### Work instructions
Quote these lines exactly: the one that holds "Dirk hat einen" and every line after it to the end of the material below. Skip pictures.
===== Exercise data =====
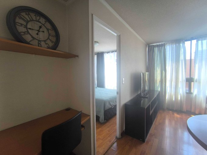 Se arrienda cómodo departamento full amoblado, ubicado en San Martín 870, en pleno centro de Santiago, cercano al Centro Cívico y con excelente conectividad a Metro Línea 2.
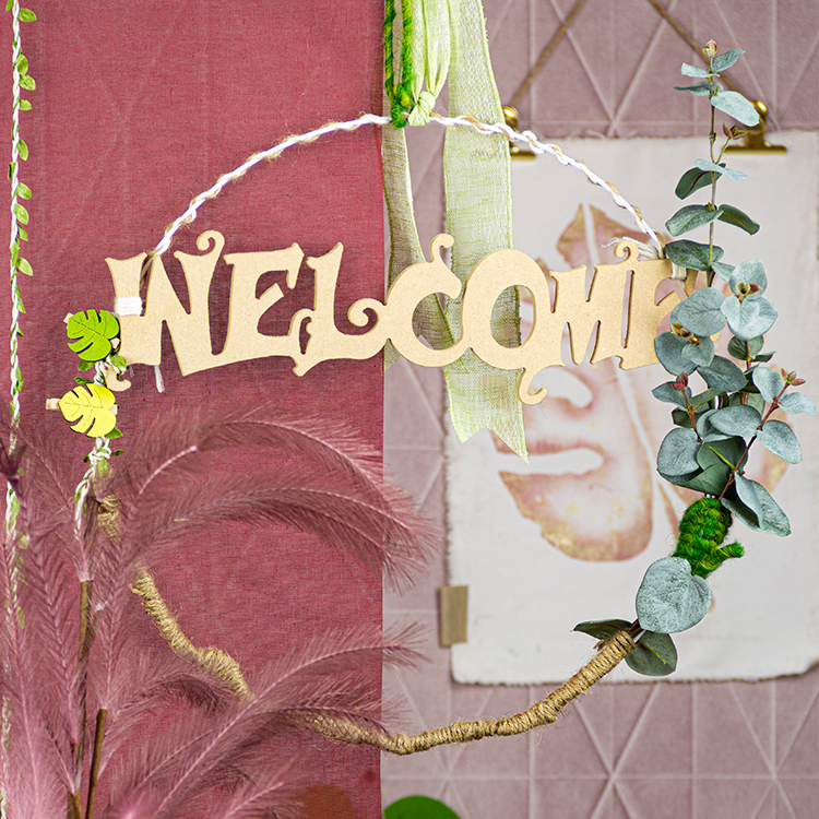 Utiliser un joli ruban pour pouvoir accrocher le tout à, par exemple, la porte d'entrée.
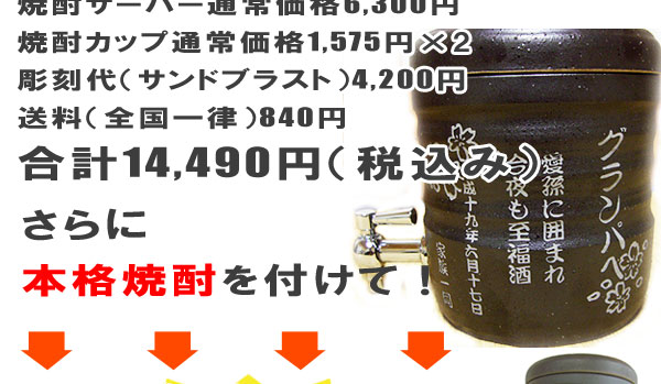 @7種類の文字入れパターンの中から、どれか1つを選び 押して下さい Aショッピングカートの画面が開きますので、”レジ画面”に行くのボタンを 押してください。 Bお客様のお名前・住所・お届け先の内容を入力し、一番下にある 文字入れ内容記入欄に【例】のように記載してください。 【例:】 A:三郎の酒(5文字までお好きな文字が入れられます) B:お父さん(8文字までお好きな文字が入れられます) いつもありがとう(8文字までお好きな文字が入れらます) C:平成二十三年六月十九日(日付の変更は可能です。) 娘より(6文字までお好きな文字が入れられます) C”確認する”のボタンを押して注文内容を確認したら”注文する”のボタンを押す。 ・FAXで具体的な文字入れ内容のご注文ができます。 ![]() ![]() インターネットの操作方法が分らない方、ご注文内容、配送日についてご不明な方など、お気軽にご連絡くださいませ。 | ||||||||||||||||||||||||||||||||||||||||||||||||||||||||||||||||||||||||||
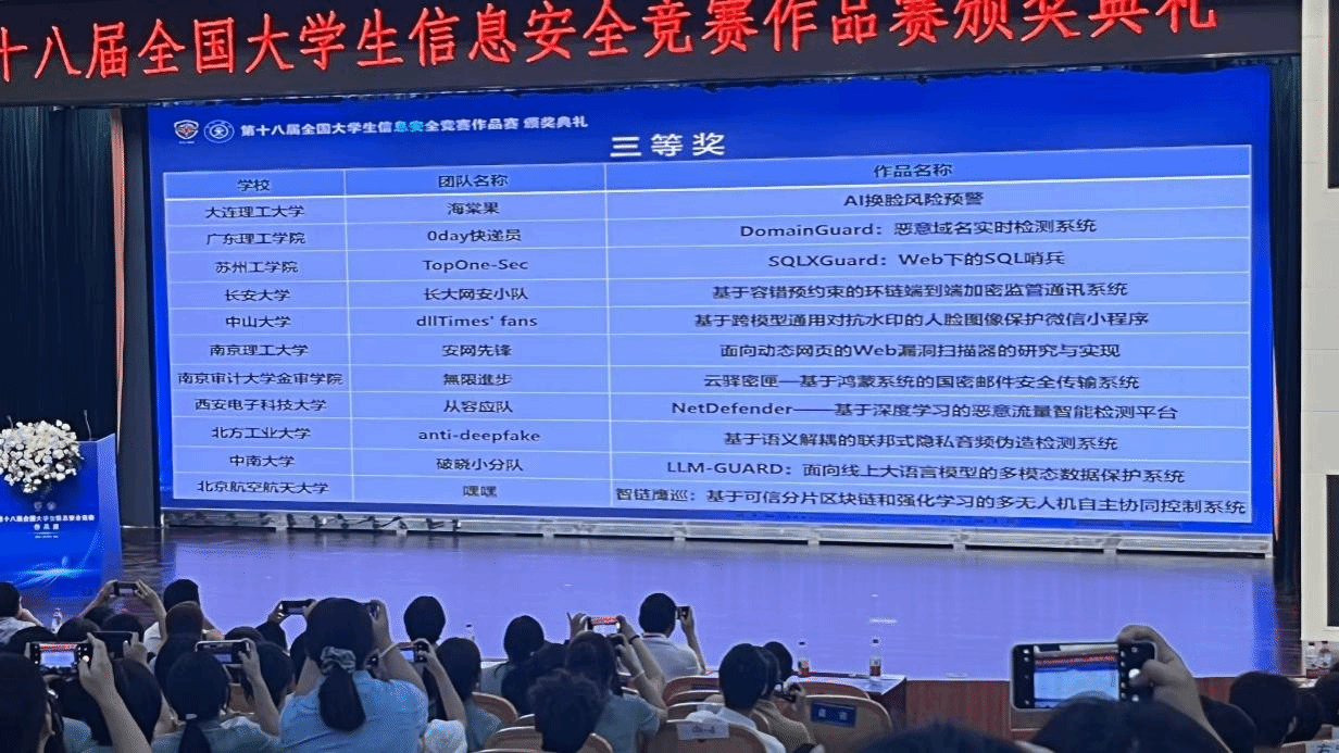 本网讯(信息技术学院)2025年8月13日至16日,第十八届全国大学生信息安全竞赛作品赛决赛在西安交通大学兴庆校区举办。该赛事由教育部高等学校网络空间安全专业教学指导委员会主办、西安交通大学承办,共有351支队伍入围决赛。beat365信息技术学院一支队伍成功晋级,成为学校首支闯入该赛事决赛的队伍。
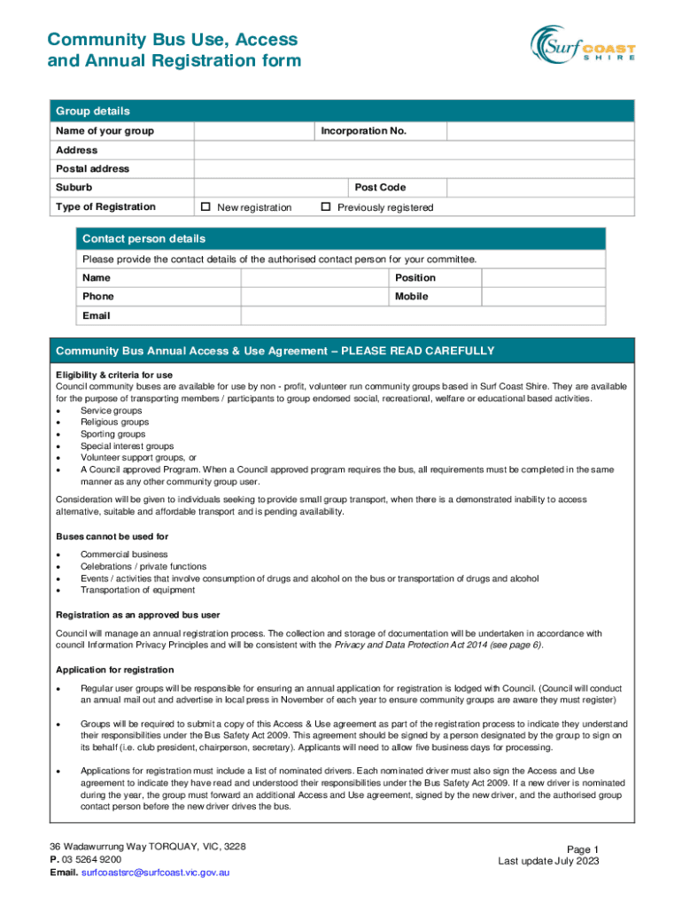 Community Bus Use, Access and Annual Registration form Group details Name of your groupIncorporation No. Address Postal address Suburb Type of Registration Post Code New registration Previously registeredContact
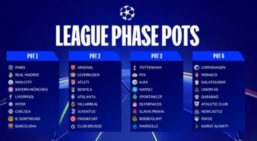 2025-2026 챔피언스리그 조추첨 결과 pot1~4
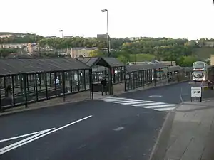 Halifax bus station serves the town of Halifax, West Yorkshire, England. The bus station is owned and managed by West Yorkshire Metro. The bus station was opened in 1989 and is made of up 4 large islands (A, B, C and D) with 20 stands in total. The bus station is situated in the Halifax Town Centre and could be accessed from Northgate and Wade Street. Several services, such as the majority of services to Illingworth and Mixenden do not serve the bus station and use stops in the town centre.[1]
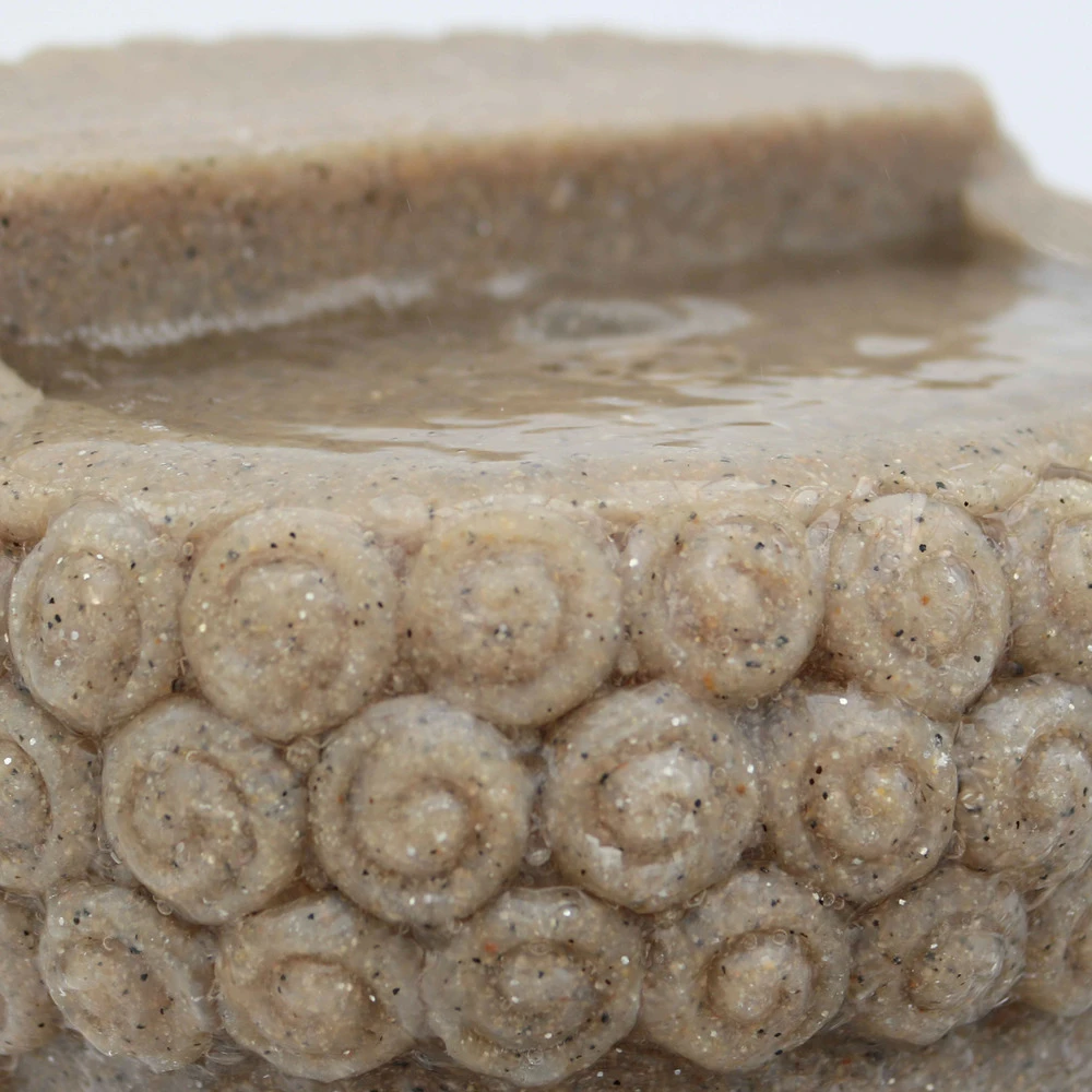 fontaine de jardin en forme de tête de bouddha. La fontaine d’extérieur avec une tête de bouddha, symbole de plénitude et d’équilibre intérieur, est un accessoire déco pour le jardin, le balcon ou la terrasse. Le ruissellement de l’eau, qui se fait en circuit fermé, génère un bruit de fond discret et apaisant. La fontaine tête de bouddha est munie d’une led de couleur blanche qui offre un éclairage d’ambiance le soir et la nuit, tout en mettant votre extérieur en valeur. La fontaine bouddha pour jardin est conçue pour une durée de vie optimale en extérieur, elle est intégralement construite en polyrésine et fibre de verre, avec projections de poudre de verre pour un rendu granit naturel. La fontaine de jardin en fiberstone est résistante aux rayons ultraviolets et aux intempéries : vous pouvez l’installer dehors tout au long de l’année. Le système de pompe s’installe en toute facilité, il est fourni avec un câble d’alimentation d’une longueur de 5 m. La fontaine avec tête de bouddha mesure 28 cm de côtés et 46 cm de hauteur. La notice pour le montage est incluse.
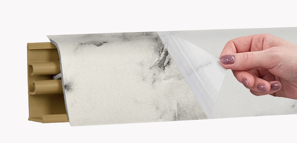 Декор на поверхности плинтуса для столешниц LB 38 покрывает и мягкие края, поэтому они становятся невидимыми, что повышает эстетику отделки.
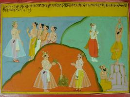| Description / विवरण | Miniature painting based on Mahabharat - Adi parva depicting that Raja is performing some yagna, he pours water into the yagna and lord Agni appears in front of him and give him blessings. A saint on right hand side is performing a penance, Shiv appears in front of him and asks him to break his fast. |
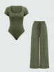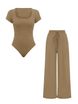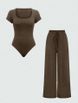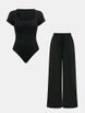 Autumn And Winter New Solid Color Small Pit Strip Casual Onesie Pants Fashion Two-piece Suit Women's Clothing
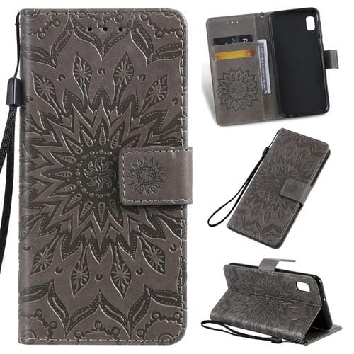 Funda Cuero Pu Galaxy A10E con Tapa Horizontal Estampado Girasol Soporte Ranuras Tarjetas Billetera Cordón (Gris)
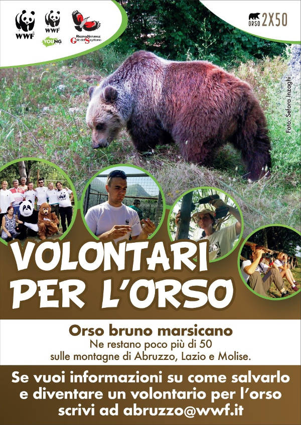 Continuano le iniziative messe in campo dal WWF per la tutela dell’Orso bruno marsicano in Abruzzo, ma per vincere la sfida e consentire a questa sottospecie unica al mondo di continuare a esistere c’è bisogno dell’aiuto di tutti. Per questo l’Associazione cerca volontari disponibili a offrire un po’ del proprio tempo per realizzare azioni pratiche in favore di questa specie simbolo, di cui restano circa 50 individui. A maggio 2019 il WWF ha lanciato la campagna Orso2x50 per contribuire a raggiungere l'ambizioso obiettivo di raddoppiare il numero di individui nell’areale della specie entro il 2050. Sono state per questo già attivate diverse misure e programmate molte azioni, tra le quali incontri pubblici, flash-mob, campi di volontariato, distribuzione e montaggio di recinti elettrificati, iniziative di sensibilizzazione rivolte a bambini e adulti, potature e recupero di alberi da frutto, ricerca dei segni di presenza, pulizia di sottopassi lungo i principali corridoi ecologici. Nonostante l’emergenza Covid, le iniziative sono continuate pure nel 2020 e sono riprese a pieno ritmo per l’anno in corso.
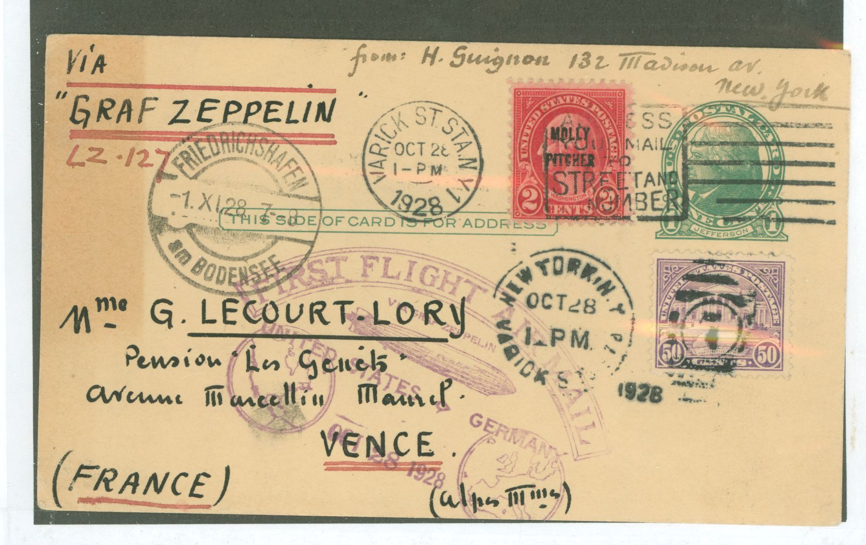 Oct. 28, 1928 Graf Zeppelin (LZ & 127) First Flight, Lakehurst to Fredrichshafen, Germany, Ultimately to Vence, France, with 53c postage APS Stamp Id: 501727746 APS Seller Id: 508479 Hinge Type: Not Specified
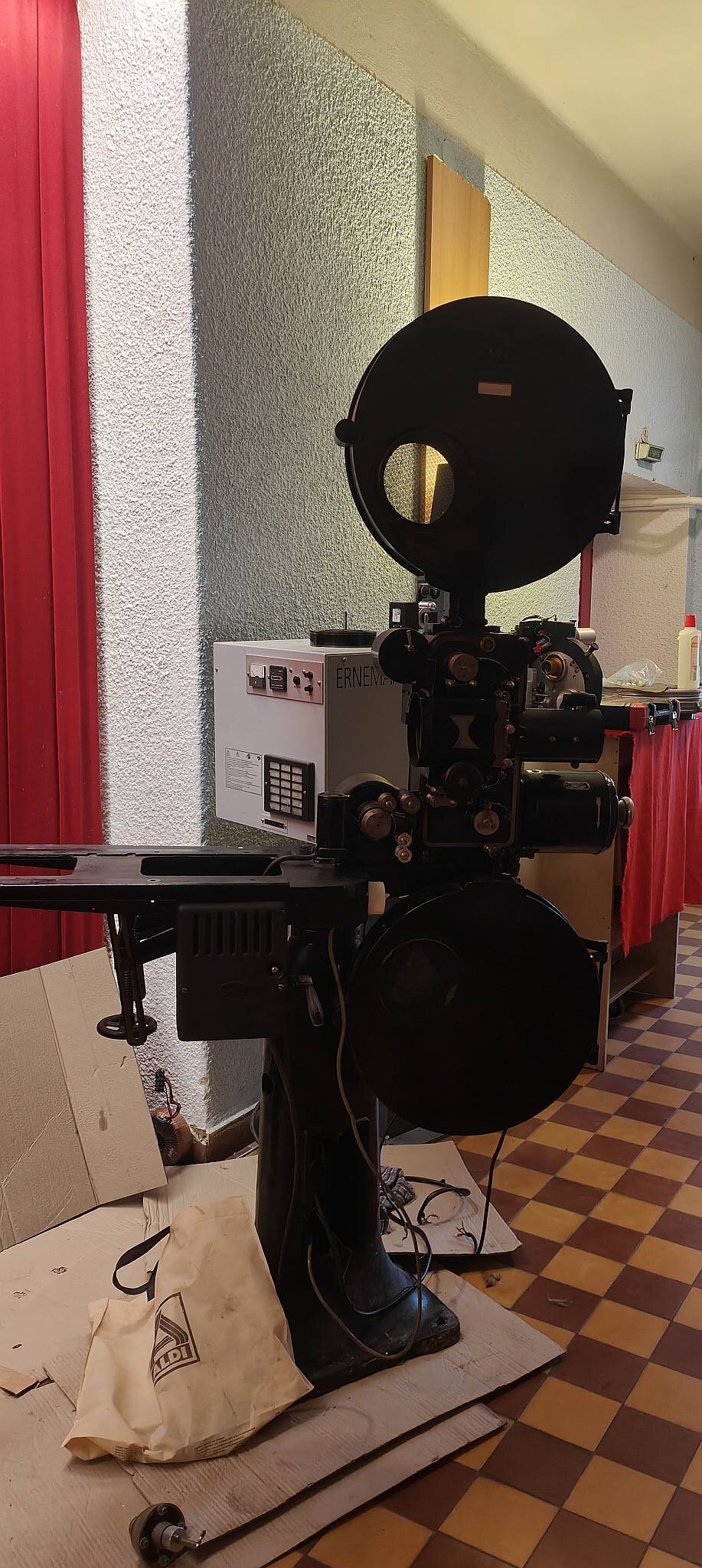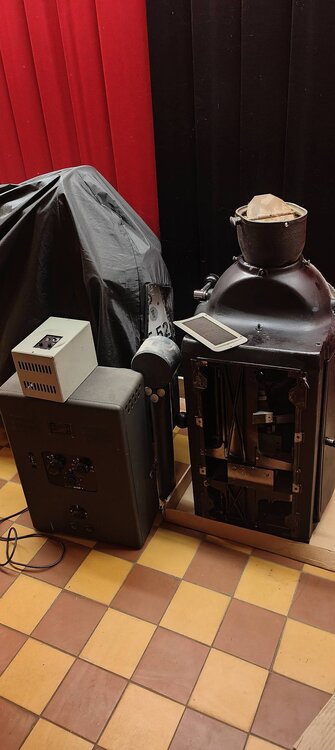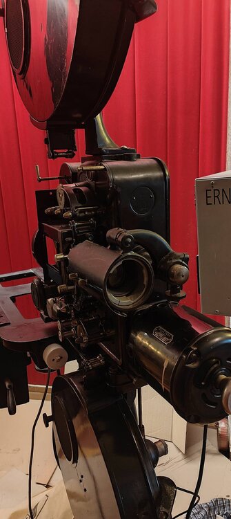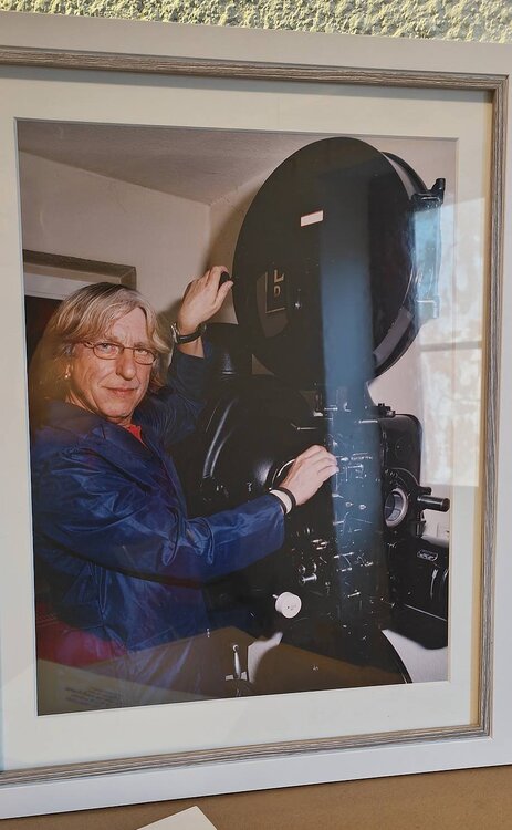 Dirk hat einen Ernemann IV Filmprojektor hinterlassen, den er vor vielen Jahren in Rostock als junger Mann der Leiterin der Filmdirektion abgeschnackt hatte. Wieder aufgebaut und in seiner neuen Wohnung im Dachgeschoss aufgestellt, bekam der Projektor ein West Kohle Lampenhaus von Zeiss Ikon Kiel verpasst. Ich bin dabei den Projektor wieder zusammenzusetzen, und ihn im Foyer aufzustellen, zusammen mit seinen geliebten Fachbüchern, Klebepresse und Bild. Als Erinnerung an einen lieben Menschen, guten Freund und jemand, der auch bei uns im Haus in sozialistischer Zeit bei Bedarf Vertretung der Vorführung übernommen hatte. Nun ist nur die Frage, soll ich das West Lampenhaus nutzen, oder ein Artisol 75, das yu einer E IV aus der Vorkriegszeit passen würde, jedoch nicht yur Dresdner VEB Version.1 Punkt
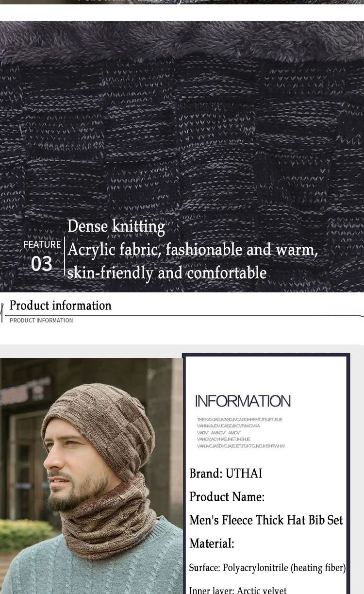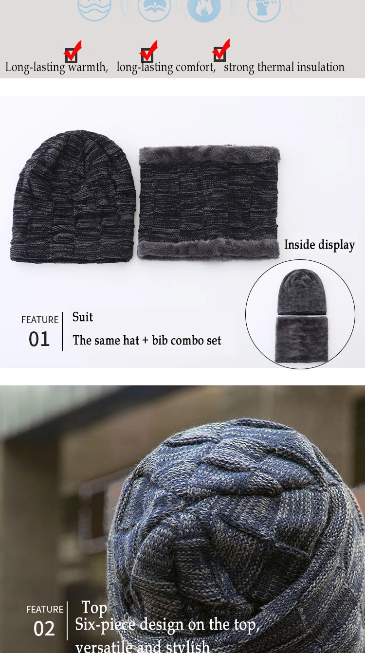 Мужская шапка 2 шт.компл. Мужская Зимняя Вязаная Мягкая Плюшевая об...
=====
### Answer area
 Dirk hat einen Ernemann IV Filmprojektor hinterlassen, den er vor vielen Jahren in Rostock als junger Mann der Leiterin der Filmdirektion abgeschnackt hatte. Wieder aufgebaut und in seiner neuen Wohnung im Dachgeschoss aufgestellt, bekam der Projektor ein West Kohle Lampenhaus von Zeiss Ikon Kiel verpasst. Ich bin dabei den Projektor wieder zusammenzusetzen, und ihn im Foyer aufzustellen, zusammen mit seinen geliebten Fachbüchern, Klebepresse und Bild. Als Erinnerung an einen lieben Menschen, guten Freund und jemand, der auch bei uns im Haus in sozialistischer Zeit bei Bedarf Vertretung der Vorführung übernommen hatte. Nun ist nur die Frage, soll ich das West Lampenhaus nutzen, oder ein Artisol 75, das yu einer E IV aus der Vorkriegszeit passen würde, jedoch nicht yur Dresdner VEB Version.1 Punkt
 Мужская шапка 2 шт.компл. Мужская Зимняя Вязаная Мягкая Плюшевая об...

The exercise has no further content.